Les défenseurs des droits de l’homme considèrent ces limitations comme une bonne chose qui protège le droit des citoyens à la vie privée. Mais les services de renseignement se plaignent depuis longtemps de ne pas pouvoir agir efficacement en raison des contrôles exercés sur leurs activités.
L’année dernière, deux anciens dirigeants du BND écrivaient : “Les services de renseignement allemands, en particulier le BND, souffrent désormais d’une surveillance excessive”.
Certains membres des services de renseignement considèrent les récentes arrestations très médiatisées comme un moyen de mettre en évidence l’ampleur de l’infiltration étrangère hostile en Allemagne et comme une opportunité de renforcer leurs arguments en faveur de davantage de pouvoirs.
L’ampleur de cette infiltration, a déclaré Kiesewetter, est en partie un héritage de « naïveté » politique qui a suivi la fin de la guerre froide.
“Depuis 1990, il y a l’idée que l’Allemagne est entourée d’amis”a-t-il ironisé.
Le parlementaire a expliqué que les dirigeants allemands se concentraient sur les accords commerciaux, même avec des pays autocratiques comme la Russie, et cessé de prêter attention à la sécurité nationale.
“Il ne dort plus”
Rafael Loss, du Conseil européen des relations étrangères, est plus précis sur ce qui n’a pas fonctionné.

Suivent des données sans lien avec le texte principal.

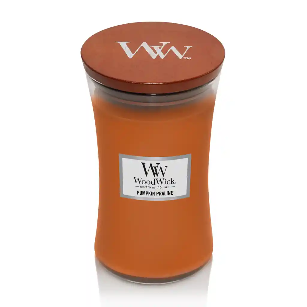 Vela Hourglass Grande Pumpkin Praline Pumpkin Praline: Una fragancia indulgente de calabaza endulzada con arce y especiada con jengibre y nuez moscada. Impresiones: Calabaza, pacana, anís estrellado, nuez moscada - Puré de calabaza, canela, jengibre - Leche Condensada, Arce, Vainilla Las velas grandes con silueta de reloj de arena WoodWick® llenan su hogar con el suave crujido y los aromas acogedores y una mecha de madera natural que cruje mientras arde ™. El crepitante relajante de una vela WoodWick® es creado por una tecnología patentada PLUSWICK®, diseñada para garantizar una experiencia de crepitación segura y consistente para una fragancia más rápida y un mejor quemado mientras perfuma su hogar con el sonido relajante de un fuego crepitante. (4.0 "x 7.0") Especificaciones Cera: la parafina premium y las ceras de soya se mezclan con fragancias altamente concentradas para producir un hermoso quemado sin residuos sucios. Olor: cuidadosamente seleccionado y probado para garantizar que la vela llene la habitación con su aroma duradero. Peso: 1100g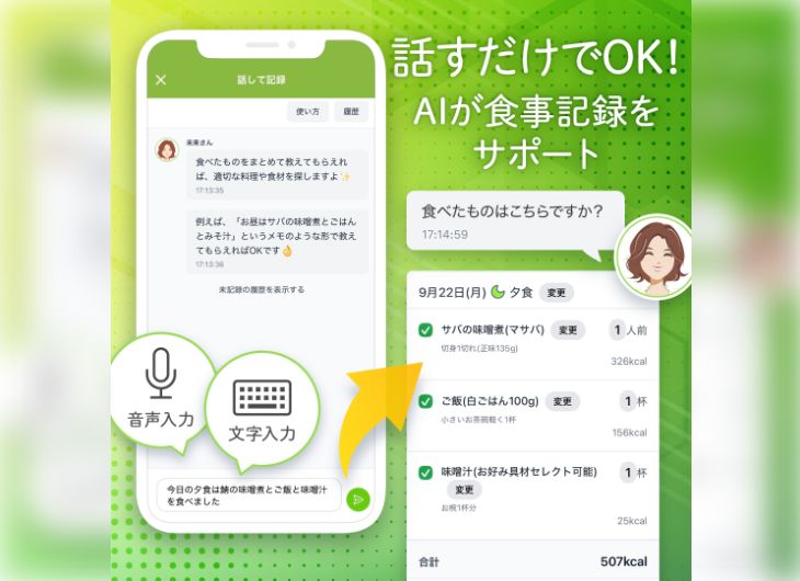 『あすけん』では、食事の内容を話し言葉で伝えるだけで食事記録ができる、AIを活用した新機能「話して記録」のβ版を提供開始した。
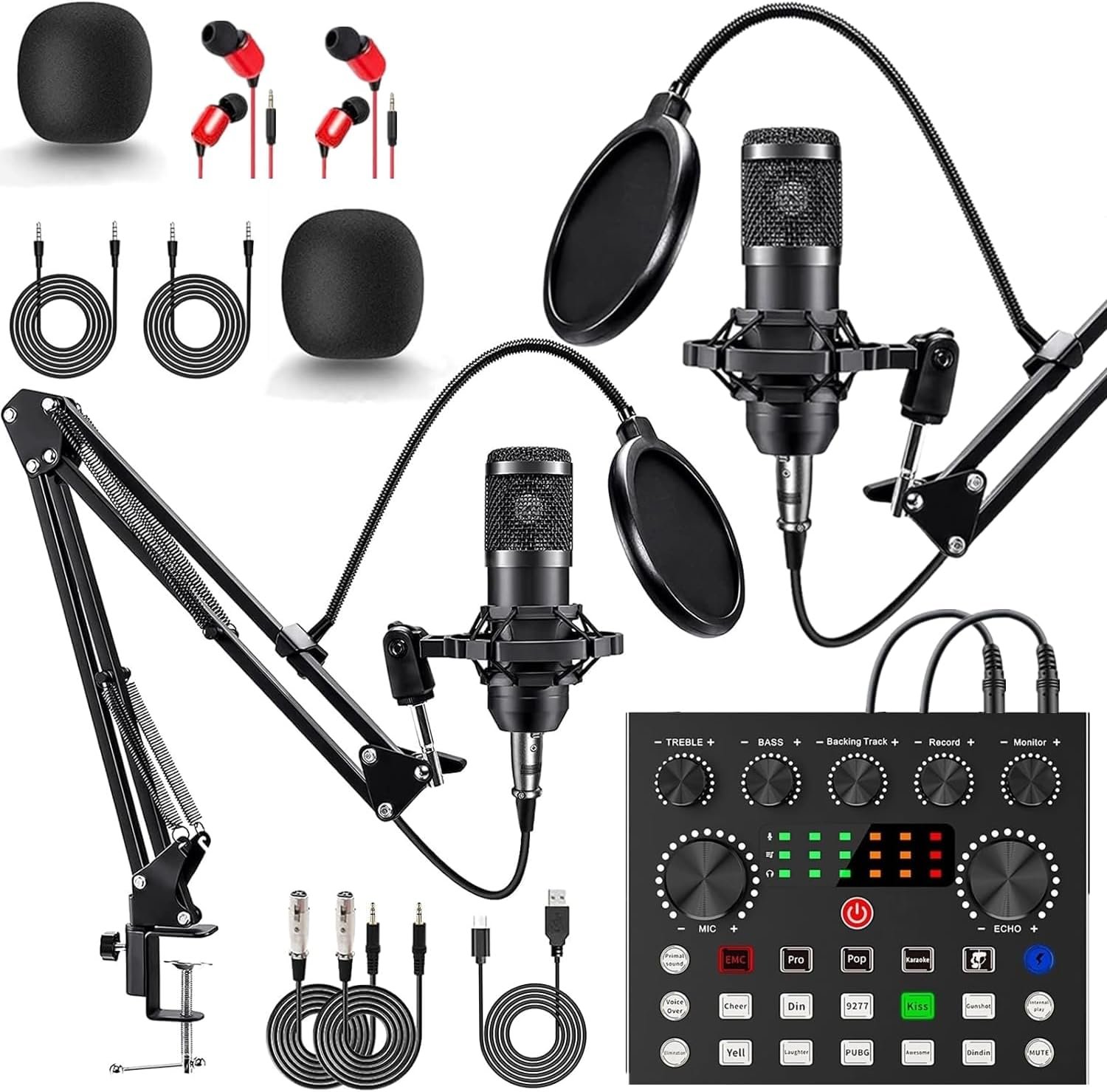 🔥【Upgraded Podcast Equipment Bundle for 2】The podcast microphone bundle is equipped with 2 podcast microphones and 2 microphone hanging arm clippers, newly-designed All-In-One V8s sound card. This studio equipment integrates audio interface into one operation panel, offers rich functions and multiple controls to optimize your voice, free drive, plug and play, One set can meet all your needs and you don’t need to buy other equipment again, you can easily start the live broadcast journey.

Les renseignements allemands ont complètement dissous une unité dédiée au contre-espionnage en 2002 sous la direction du chancelier Gerhard Schröder.

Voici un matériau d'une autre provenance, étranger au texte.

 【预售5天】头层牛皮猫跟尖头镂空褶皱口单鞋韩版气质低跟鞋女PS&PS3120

“C’est incroyable que toute cette unité d’environ 60 personnes ait été complètement dissoute”, a déclaré Loss.
Mais les choses changent. Au cours des dix dernières années, les effectifs du BfV ont doublé.
La récente vague d’arrestations montre que les services de renseignement s’affirment de plus en plus dans un pays dont la culture politique est traditionnellement méfiante à leur égard.
“Toutes les arrestations envoient en même temps le bon signal aux nations qui nous espionnent”a déclaré Felix Neumann de la Fondation Konrad Adenauer.
“L’Allemagne s’est réveillée et ne dort plus”, a-t-il conclu.